Because, then, I don't know if I can trust my software, as there is no way to know if my test are OK or just look OK.

Youri

@dolanor @ploum I leverage its power for mundane tests. Specially there you must be very careful and not be influenced by false tests. I usually first think of the test I would like to write, let Copilot write it, then make sure it matches what I meant. Sort of a templating engine on steroid.

Tanguy ⧓ Herrmann

@yac @ploum I guess I trust more my ability to write even boring code rather than my ability to not be bored while reading boring code. 😅

Brandon

@dolanor @yac @ploum I might be ok with it sketching out some tests, creating some setup GivenXCondition methods and high level tests with comments about what it thinks needs to be tested, but it's not going to know the _semantic_ details of how things inside the code under test work.

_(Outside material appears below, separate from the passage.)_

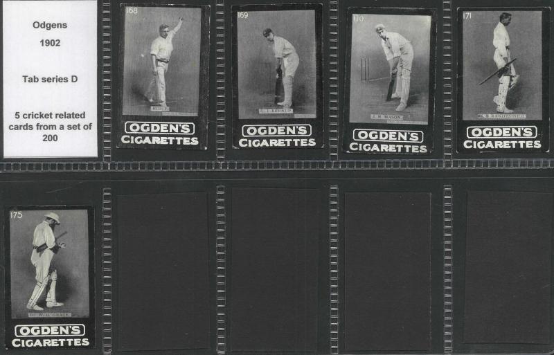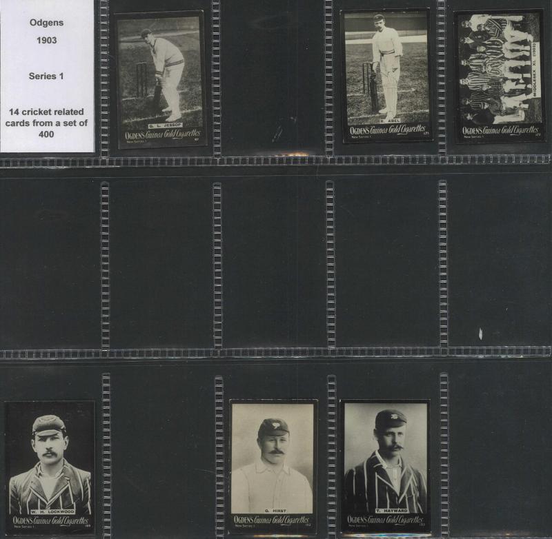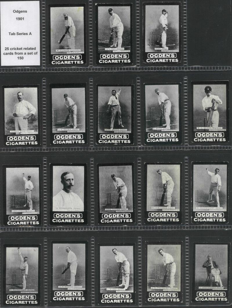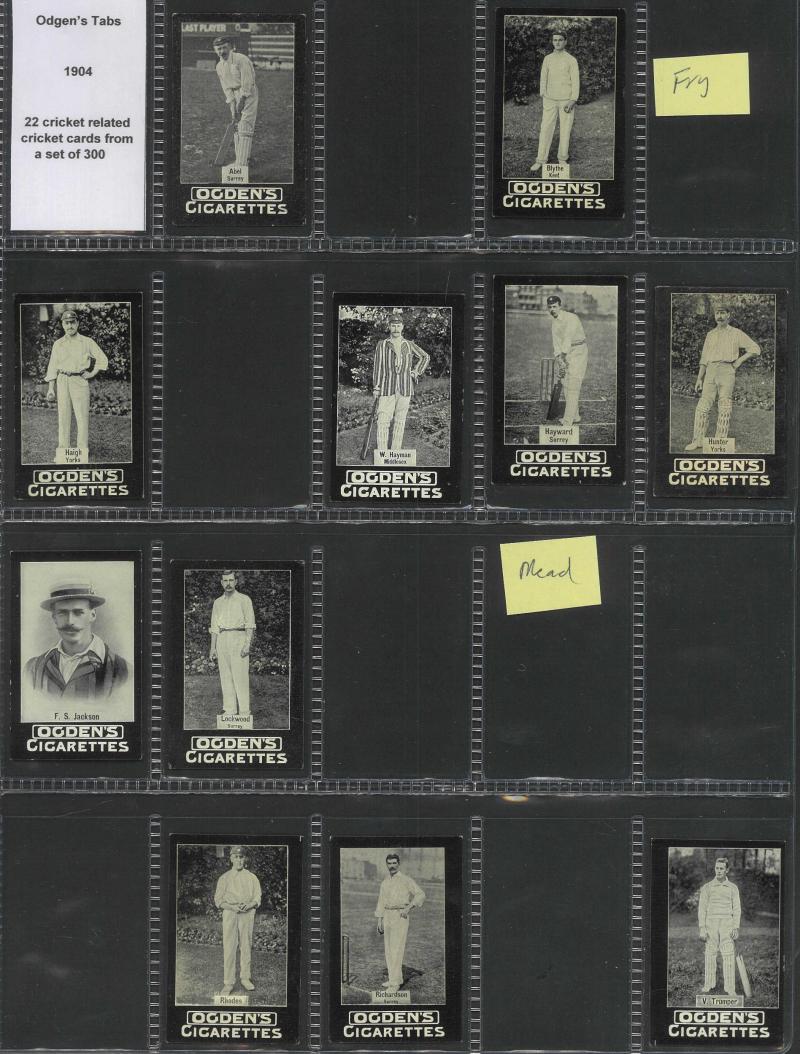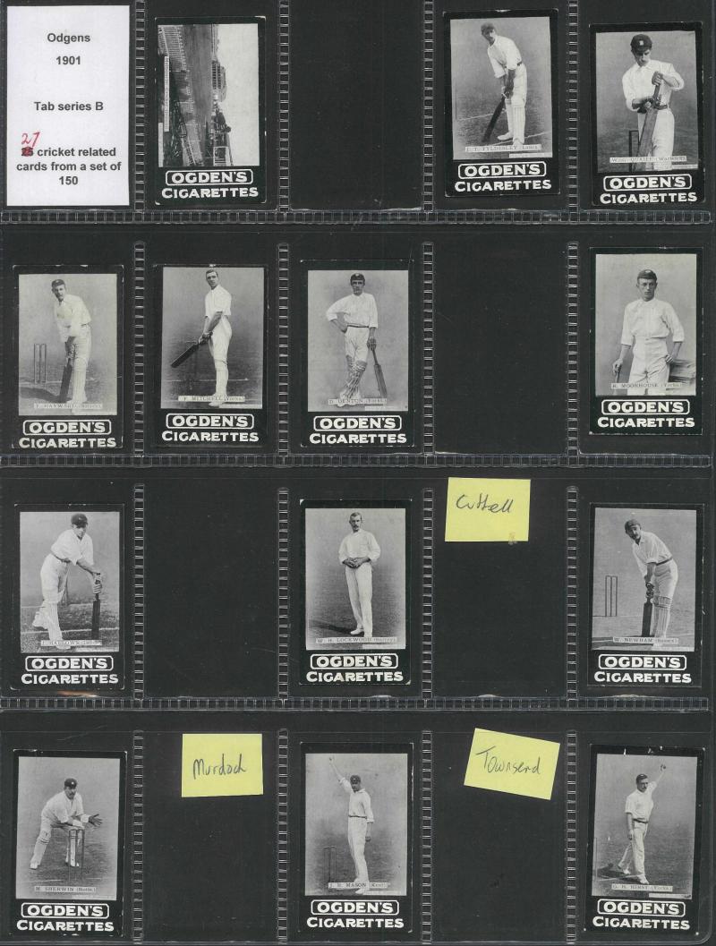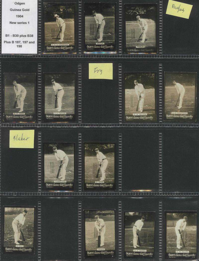 [10/11]; 1904 New Series B [26/41]; 1903 Series 1 [6/14 cricketers]; Ogdens "Tab" Issues with Series A [22/25 cricketers], Series B [20/27 cricketers], Series D [5/5 cricketers], Series E [10/15 cricketers], Series F [3/42 cricketers], 1901 'Our

Like, a method returns an object that has a certain string field defined - should that be expected to have a value given the inputs, and what should that value be? For any nontrivial code, this is the use case.

christian mock

@yac @ploum but the hard and time-consuming part of writing tests is exactely point 2 in the original toot -- construct all the corner cases. writing the tests themselves is quick and easy if you know what to test for...

fedithom

@cm @yac @ploum
... by which we're back to "nobody needs this shit. Really." No surprise.

madopal

@fedithom @cm @yac @ploum Not shocking that it always comes back to "if I don't really care about this thing, I assume it's trivial, and AI can do it." It's like the perfect storm of Gell Mann amnesia and Dunning -Kruger effect.

Donald Ball

@yac @ploum Oh, you’re choosing the “unmaintainable test suite” option. This is a classic sophomore mistake.